Regardless of Andersson’s egalitarian emphasis, dandyism has always been tinged with an elitist absurdity and a striving for the higher realms. The dandy lives in contradiction — craving attention whilst scorning those who provide it, investing the superficial with extravagant seriousness. His obsession with detail — the knot of a cravat, the angle of a hat brim — often conceals a hollowness beneath the polished precision.

The Dandy: A People’s History of Sartorial Splendour, Peter K. Andersson (Oxford University Press, £30)

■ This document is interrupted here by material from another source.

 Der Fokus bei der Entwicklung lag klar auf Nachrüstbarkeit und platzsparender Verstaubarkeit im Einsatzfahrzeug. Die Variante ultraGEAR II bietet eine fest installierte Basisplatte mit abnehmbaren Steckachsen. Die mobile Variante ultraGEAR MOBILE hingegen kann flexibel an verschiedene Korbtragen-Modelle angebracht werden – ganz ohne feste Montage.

Andersson is not blind to this. Some of his dandies are downright pathetic: men excluded from power who perform elegance as sartorial spite. They become not beacons of style but warnings against mistaking self-presentation for self-possession. For all their tailoring, one suspects many would have been crushing bores at dinner. Wilde is, as ever, the exception: whilst his imitators are the most tiresome of creatures, Oscar himself was surely a captivating table companion.

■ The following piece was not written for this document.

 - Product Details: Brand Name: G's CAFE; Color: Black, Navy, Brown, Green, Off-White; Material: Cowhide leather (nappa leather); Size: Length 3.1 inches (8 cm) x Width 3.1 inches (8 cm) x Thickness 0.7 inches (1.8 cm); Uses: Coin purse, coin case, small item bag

As an old Africa hand myself, I was pleased to see Andersson cast his Scandinavian gaze toward the Congolese sapeurs. This subculture took a particular turn under Mobutu Sese Seko, the leopard-astrakhaned autocrat of Zaire who advanced a contrived ideology of l’authenticité — renaming the country, banning Western suits and mandating the abacost (from à bas le costume!: “down with the suit!”), a Maoist-inflected tunic. 

In reaction, the young men of La Sape — the “Society of Ambiance-Makers and Elegant People” — paraded through the slums of Kinshasa in double-breasted suits and crocodile loafers with speckled handkerchiefs and gaudy canes. The irony is that both sides were dandies, just from different dispositions. 

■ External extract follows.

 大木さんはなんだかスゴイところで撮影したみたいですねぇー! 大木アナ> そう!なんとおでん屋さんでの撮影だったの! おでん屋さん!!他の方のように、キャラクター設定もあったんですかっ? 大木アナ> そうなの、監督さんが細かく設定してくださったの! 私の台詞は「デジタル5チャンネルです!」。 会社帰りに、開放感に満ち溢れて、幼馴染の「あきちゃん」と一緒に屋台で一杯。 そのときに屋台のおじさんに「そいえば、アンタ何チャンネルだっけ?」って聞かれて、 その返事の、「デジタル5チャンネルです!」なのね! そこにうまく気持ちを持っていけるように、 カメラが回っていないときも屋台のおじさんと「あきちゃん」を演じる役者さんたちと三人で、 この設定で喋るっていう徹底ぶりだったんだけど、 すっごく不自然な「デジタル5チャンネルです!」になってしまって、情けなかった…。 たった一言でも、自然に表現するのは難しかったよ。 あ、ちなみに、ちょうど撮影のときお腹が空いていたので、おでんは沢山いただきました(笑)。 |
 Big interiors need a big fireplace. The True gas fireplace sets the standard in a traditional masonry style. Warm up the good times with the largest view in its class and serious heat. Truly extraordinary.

Andersson’s commitment to recovering ignored subcultures is admirable, but he overstates their radicalism. Not every lad in high-waisted trousers is staging a class revolt, nor is every ruffled sleeve or exaggerated stride a meaningful act of resistance. For Andersson, the dandy is always resisting something: colonial humiliation, bourgeois masculinity or middle-class propriety. Far from being cultural prophets, many are simply narcissists with good tailors, and more than a few are reactionaries at heart. The young fogeys don’t fit Andersson’s narrative at all; they are barely mentioned.

In his final chapters, the author wonders whether the age of the dandy is drawing to a close. Modern dandyism, increasingly commodified, risks becoming pure pose — an aesthetic emptied of social force. What was once transgressive — a poor man in a velvet suit, a colonial subject out-dressing his ruler — is now Instagram fodder. It doesn’t matter whether you’re a wannabe-Rhodesian or a Stoke Newington hipster: your pith helmet is tiresome, and that handlebar moustache makes you look like a candidate for the sex offenders register.

Still, for all his faults, the dandy does perform a useful — if annoying — cultural function. When he enters the public square, he drags the social imagination away from drab uniformity. He reminds us that dress need not be merely functional; that elegance, properly wielded, is a form of civilised resistance to mundanity. Dandyism may be exhausting but so is a world in which everyone dresses like a mid-level management consultant.

Perhaps, then, the dandy is like a peacock in an English garden: out of place, slightly ridiculous but somehow agreeable — a reminder that life is not merely to be lived but to be adorned with stylistic grace.